### Supplied data
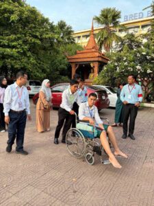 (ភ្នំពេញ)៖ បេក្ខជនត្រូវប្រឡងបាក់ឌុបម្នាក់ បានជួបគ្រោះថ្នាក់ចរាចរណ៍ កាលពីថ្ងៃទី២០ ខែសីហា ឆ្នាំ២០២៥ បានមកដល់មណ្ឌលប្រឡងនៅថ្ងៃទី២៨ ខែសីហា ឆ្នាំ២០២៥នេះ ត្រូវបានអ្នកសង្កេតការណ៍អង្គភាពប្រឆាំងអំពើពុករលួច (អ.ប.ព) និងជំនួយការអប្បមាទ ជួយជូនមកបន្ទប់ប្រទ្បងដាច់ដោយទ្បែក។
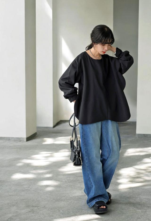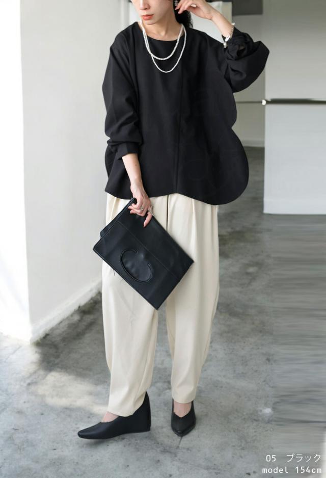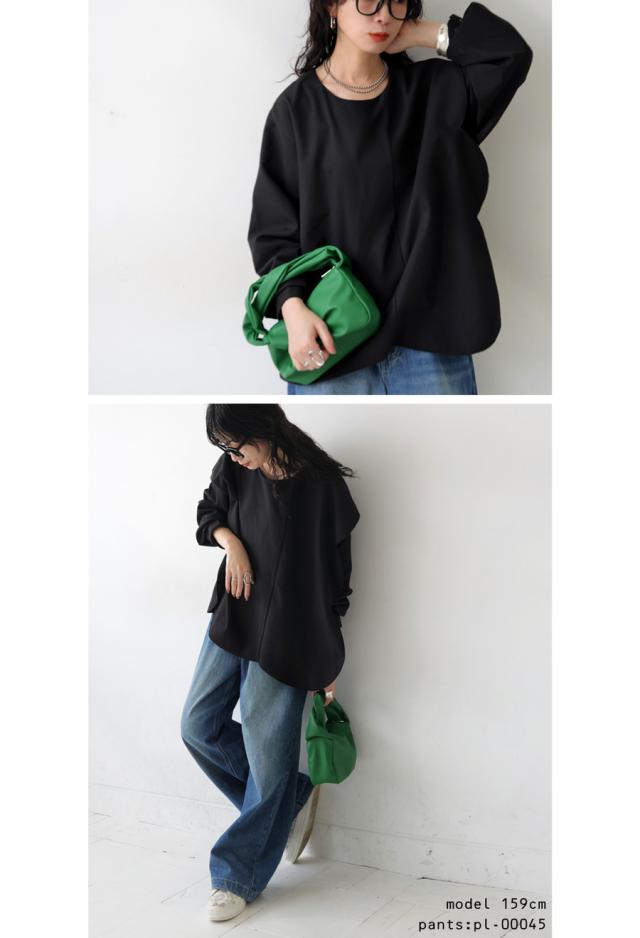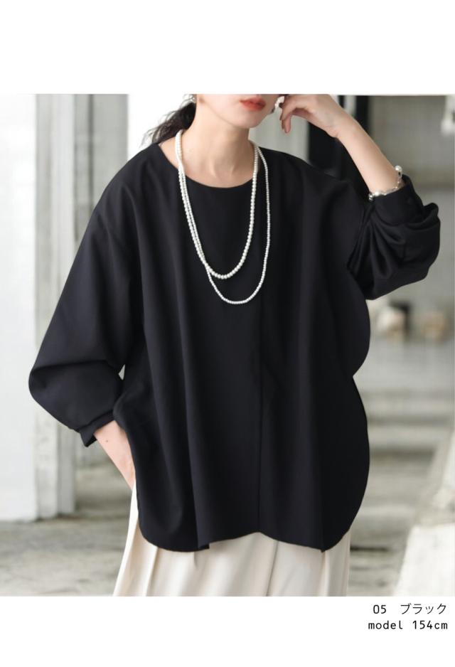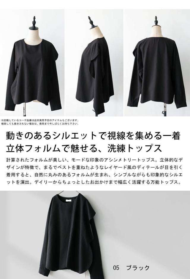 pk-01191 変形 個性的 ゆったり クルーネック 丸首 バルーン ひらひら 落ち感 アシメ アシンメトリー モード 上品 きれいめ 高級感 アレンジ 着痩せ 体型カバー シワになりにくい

* * *

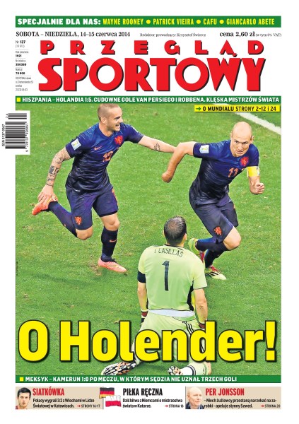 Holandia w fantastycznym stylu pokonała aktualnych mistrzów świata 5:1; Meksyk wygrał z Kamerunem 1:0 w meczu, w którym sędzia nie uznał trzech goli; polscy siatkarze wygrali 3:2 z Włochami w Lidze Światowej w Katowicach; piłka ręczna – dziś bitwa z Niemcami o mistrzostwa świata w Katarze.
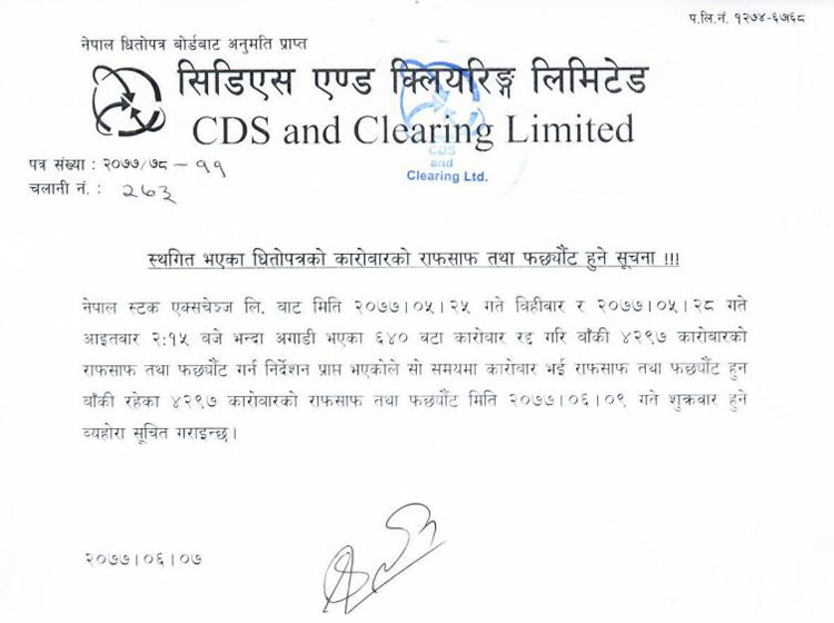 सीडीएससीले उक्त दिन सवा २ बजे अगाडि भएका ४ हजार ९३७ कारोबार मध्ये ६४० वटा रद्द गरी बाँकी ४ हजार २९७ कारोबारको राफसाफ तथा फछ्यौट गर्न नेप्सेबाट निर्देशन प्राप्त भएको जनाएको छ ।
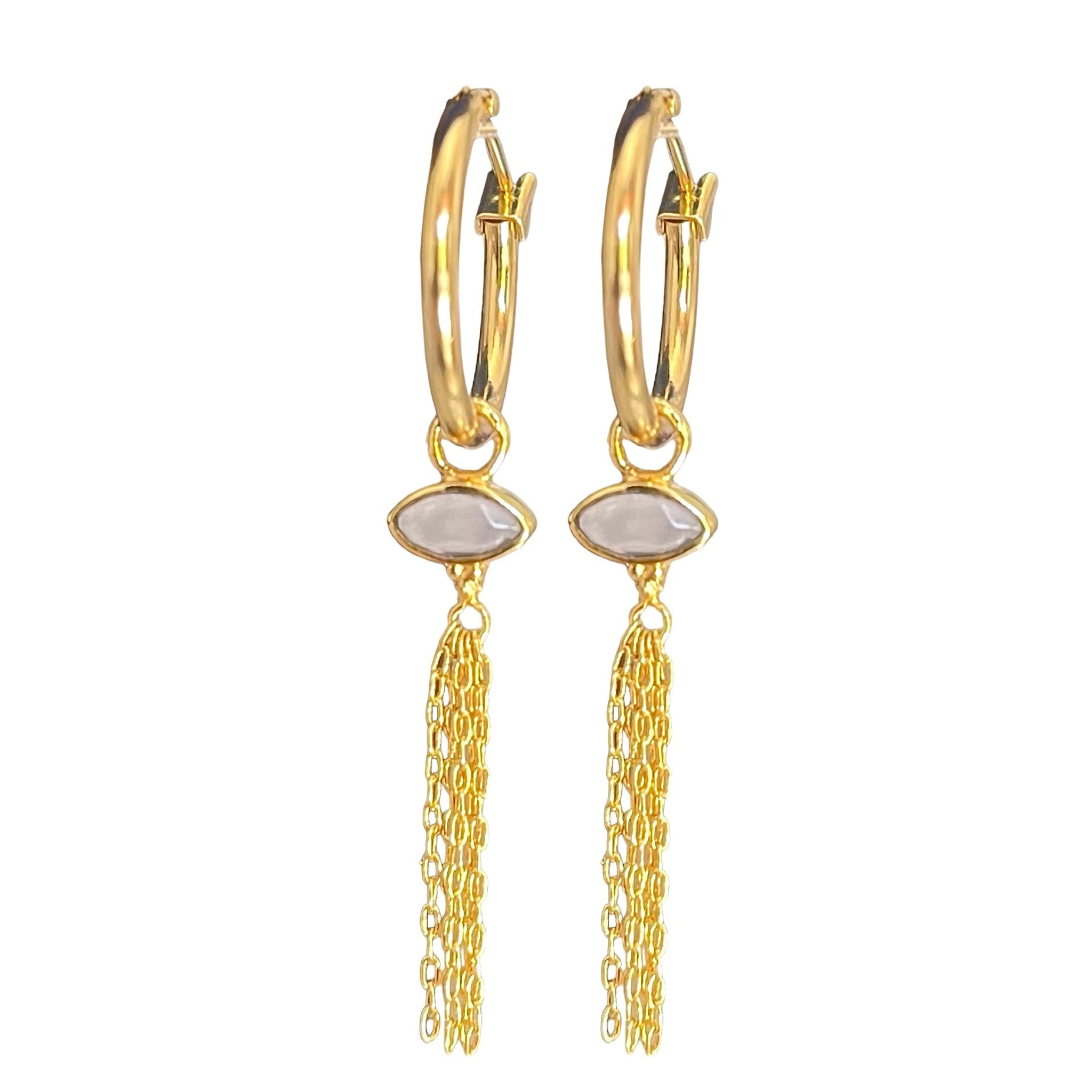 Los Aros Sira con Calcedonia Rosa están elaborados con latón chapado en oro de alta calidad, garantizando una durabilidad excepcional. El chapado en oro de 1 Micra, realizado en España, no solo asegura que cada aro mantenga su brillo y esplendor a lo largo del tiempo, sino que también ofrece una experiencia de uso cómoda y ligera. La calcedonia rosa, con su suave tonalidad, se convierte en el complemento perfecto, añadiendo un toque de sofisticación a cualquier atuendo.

### Task description
Given the listing above, repeat exactly the lines starting at the one with "(អ.ប.ព) និងជំនួយការអប្បមាទ ជួយជូនមកបន្ទប់ប្រទ្បងដាច់ដោយទ្បែក។" and ending at the one with "pk-01191 変形 個性的", inclusive, excluding pictures.

### Reply to the task
 (ភ្នំពេញ)៖ បេក្ខជនត្រូវប្រឡងបាក់ឌុបម្នាក់ បានជួបគ្រោះថ្នាក់ចរាចរណ៍ កាលពីថ្ងៃទី២០ ខែសីហា ឆ្នាំ២០២៥ បានមកដល់មណ្ឌលប្រឡងនៅថ្ងៃទី២៨ ខែសីហា ឆ្នាំ២០២៥នេះ ត្រូវបានអ្នកសង្កេតការណ៍អង្គភាពប្រឆាំងអំពើពុករលួច (អ.ប.ព) និងជំនួយការអប្បមាទ ជួយជូនមកបន្ទប់ប្រទ្បងដាច់ដោយទ្បែក។
 pk-01191 変形 個性的 ゆったり クルーネック 丸首 バルーン ひらひら 落ち感 アシメ アシンメトリー モード 上品 きれいめ 高級感 アレンジ 着痩せ 体型カバー シワになりにくい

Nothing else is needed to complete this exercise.